そこで、取引先である農協さんと一緒にプロジェクトを立ち上げて、農家さんと県内の学生や「空いてる時間に収穫を手伝える」という方100名以上をマッチングしました。これは大手企業だと効率が悪く取り組みにくいことで、地域を重視する当社だからこそ支援できた事例だと言えます。

- 今回は、どんな経緯で初めてのM&Aに挑戦されたのですか?
まず、トランビのことは資本業務提携をされている日本経営合理化協会さんとの兼ね合いで3~4年前から知っていました。トランビの代表の方の講演を聞く機会があったからです。ただ、登録しただけで案件を探すことはしていませんでした。

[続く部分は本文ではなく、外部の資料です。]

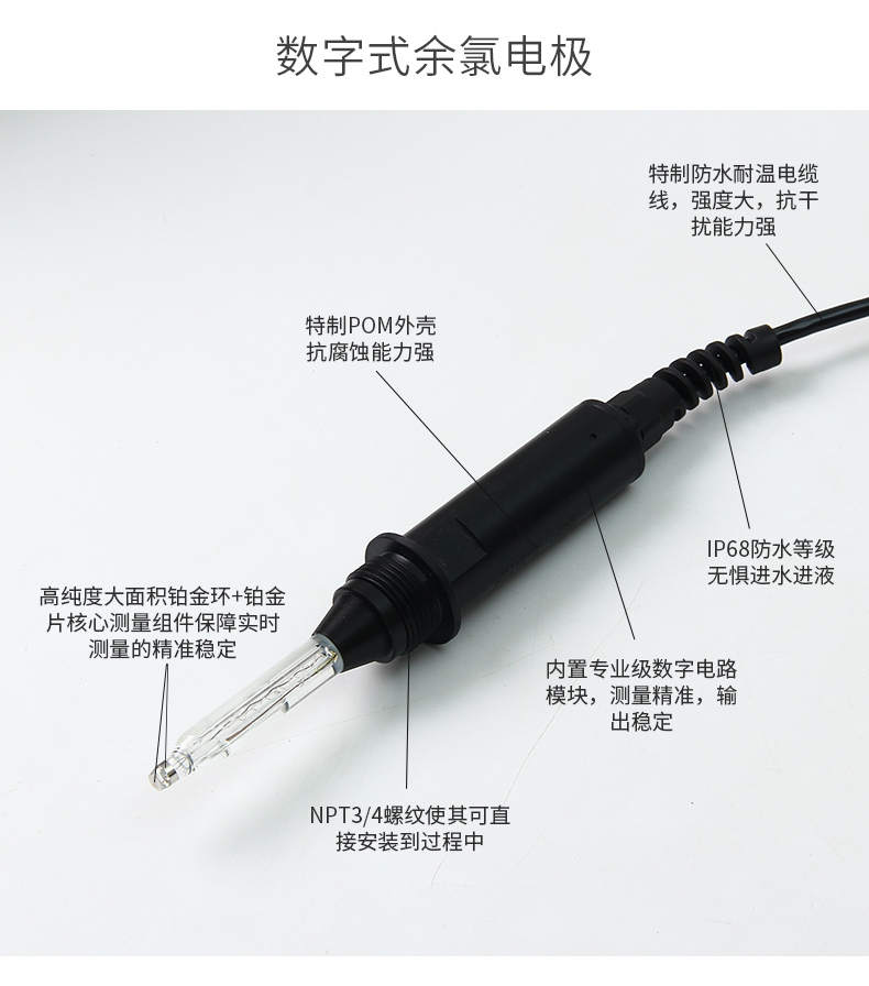 真正的工业级数字余氯电极,适用于自来水、二次供水、游泳池、加药设备配套、工业过程

というのも、私が社長に就任したのが3年前なのですが、就任時に「最初の3年間は大きな変化は起こさず、今の事業を磨くことに集中しよう」と思っていたからです。一方で、「4年目以降は新たな事業をつくりながら成長の方向性を定めよう」という構想も持っていました。

社長就任からもうすぐ3年、これからの企業成長の絵を描く中で、重要なテーマとして考えたのが新規事業の立ち上げとエリア展開です。四国だけでは成長性に限りがあるので、10年後や20年後を見据えると他のエリアへの展開を視野に入れなければいけないと思っていました。

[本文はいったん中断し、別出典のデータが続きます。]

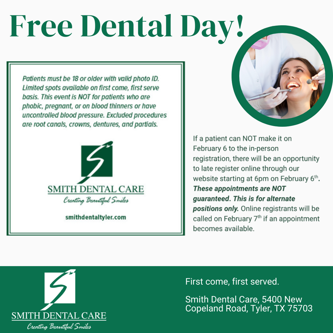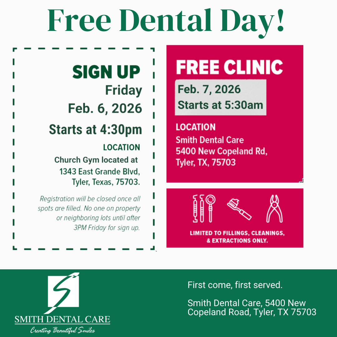 Patients are encouraged to review full event details and eligibility information on the Free Dental Services Day page prior to registering. For more information about the 2026 Free Dental Day or to learn how to register, visit: https://www.smithdentaltyler.com/free-dental-day/.
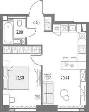 26 519 749 ₽2-к.квартира, 41.78 м², 4 эт.

M&Aは、その手段の一つだったんです。そのため、トランビで案件を検索したり、仲介会社から情報提供を受けたりしたのですが、一度はやめようかと....

- それはどうしてですか?
国内の案件を見ていたのですが、新規事業という軸で見ていると「すでにあるものを買うより、自分たちで立ち上げる方が成長の良い機会になる」と思ってしまったからなんです。

また、エリア拡大を検討して国内の同業の案件を見ていたのですが、当然ながらある程度の規模が大きく収益性の高い案件は高額で大手と競合になりますし、安価だけど収益性の低い案件をわざわざ買うことには魅力を感じませんでした。

- そこから一転して、M&Aに踏み切れたのはどうしてですか?
「エリアを、国内に限定する必要は無い」と気付くことができたからです。国内の他地域よりも、まだ市場が成熟していない海外の企業を買う方が面白いのではないかと思いました。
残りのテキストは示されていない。